The BBB shuttle peptide GSH was developed for drug delivery and reached clinical trial. GSH was used for targeted delivery of the drug-loaded PEGylated nanoliposomes. The application of the glutathione PEGylated liposomes (G-Technology®) based doxorubicin delivery formulation (2B3–101) for the treatment of brain tumor is under Phase I/IIa clinical trial (). This nanocarrier system was further developed for the delivery of methylprednisolone (2B3–201) reaching its transportation efficiency up to 6.5-fold over free methylprednisolone [234], which substantially reduced neuroinflammation in rat encephalomyelitis model, and progressed into Phase I trial to treat multiple sclerosis () [235].

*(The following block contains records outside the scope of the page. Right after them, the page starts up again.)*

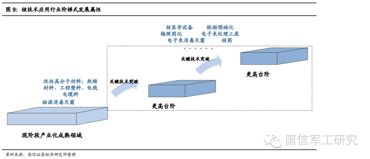 与其他行业的高度融合性和我国核技术应用产业发展初期阶段的特点决定了核技术应用产业的发展属性是阶梯式的。目前,核技术应用市场正处于产业化应用初期,只有高分子材料和钴源辐射杀菌产业化较成熟,其他核技术应用纵深领域还介于技术验证和产业化探索过程之间,未来随着以对应加速器为核心的关键技术的突破,包括核医学、轮胎预硫化、辐照固化等任一领域的产业化成熟,核技术应用行业将有望实现平台式提升。
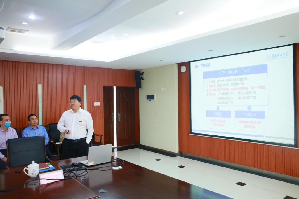 党委书记罗成翼汇报了学校的基本情况、办学成效和办学特色。他说,近年来,学校以“1235”发展战略为引领,以“六破六立”改革为抓手,以大改革推进大发展。一是坚持以本为本,全面振兴本科教育,本科教学审核评估获高度评价;二是强力推进师资队伍建设,高层人才队伍取得长足进步,涌现出一批全国优秀教师、121人才工程人选等优秀人才;三是对接行业产业,深度产教融合,应用型人才培养特色鲜明;四是集成资源,抢抓项目、平台,各项关键性可比核心指标明显进位,综合实力进入同类高校前列;五是以政治建设为引领,抓实党建,构建班子四力、干部六(八)条、基层二三五工程的符合学校实际的党建话语体系。同时,罗成翼还就学校发展中的问题和短板进行了汇报,并恳请省教育厅继续对taptap点点建设发展给予大力支持。
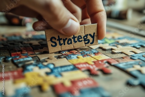 Fototapeta premium A hand placing a puzzle piece labeled "Strategy" into a partially assembled...
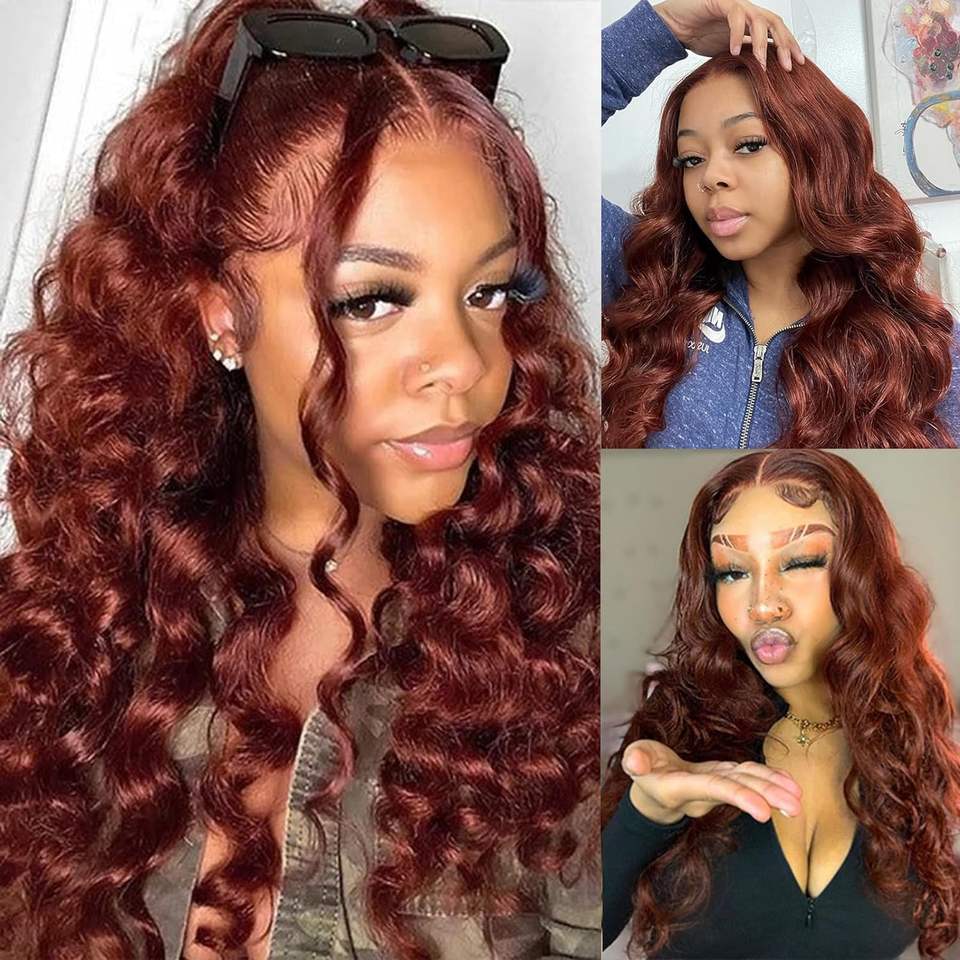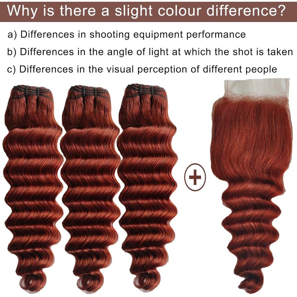 Fasci di capelli brasiliani con chiusura in pizzo bruno-rosso ramato marrone sciolto onda profonda 3 fasci e capelli umani

5. Conclusions and future perspective

The BBB plays a very important role in maintaining normal physiological function of CNS. Although the mechanism of many brain pathologies is still not fully elucidated, the leading reason is thought to be the BBB disruption. With the rapid development of nanobiotechnology, nanomedicine has shown great potential in the theranostics of neurological disorders. Although many nanomaterials have been approved by FDA or advanced into clinical trials, the clinical use of nanomaterial-based brain drug delivery systems is still limited mainly due to the following possible factors: 1) the study methods of in vitro and in vivo models for the BBB-crossing still need to be further developed; 2) the safety and side effects of nanomaterials remain to be studied; 3) the influence of the properties of nanocarriers, including surface properties, particle size, loaded agents and host materials, on BBB-crossing still needs to be further evaluated. Therefore, more fundamental studies on the nanomaterial-based BBB crossing strategies and drug release in the brain still need to be carried out in more details. For example, up to now, no systematic works have been studied on elucidating how physical-chemical properties of nanomaterials affect their transportation and localization in CNS. In addition, research works on nanomaterials for BBB crossing and specific brain cell targeting, which may improve the therapeutic effect of neurodegenerative disorders, are also expected, e.g., design of nanomaterials that target to the dopaminergic neurons for the PD therapy, microglia cells for neuroinflammation, and neural stem cells for neuronal repairing. Furthermore, the development of nanomaterials for the BBB-crossing should focus on solving the following problems: 1) increase drug loading content; 2) enhance brain-targeting effect via conjugation of ligands; 3) develope more types of effective therapeutic agents, and more kinds of effective and safe biomaterials. With the development of new biomaterials and nanotechnologies, more effective brain-targeting nanomaterials capable of BBB-crossing will be designed for brain drug delivery. Therefore, nanomaterial-mediated BBB-crossing will have a broader prospect and could be a promising direction for the treatment of CNS diseases in the future.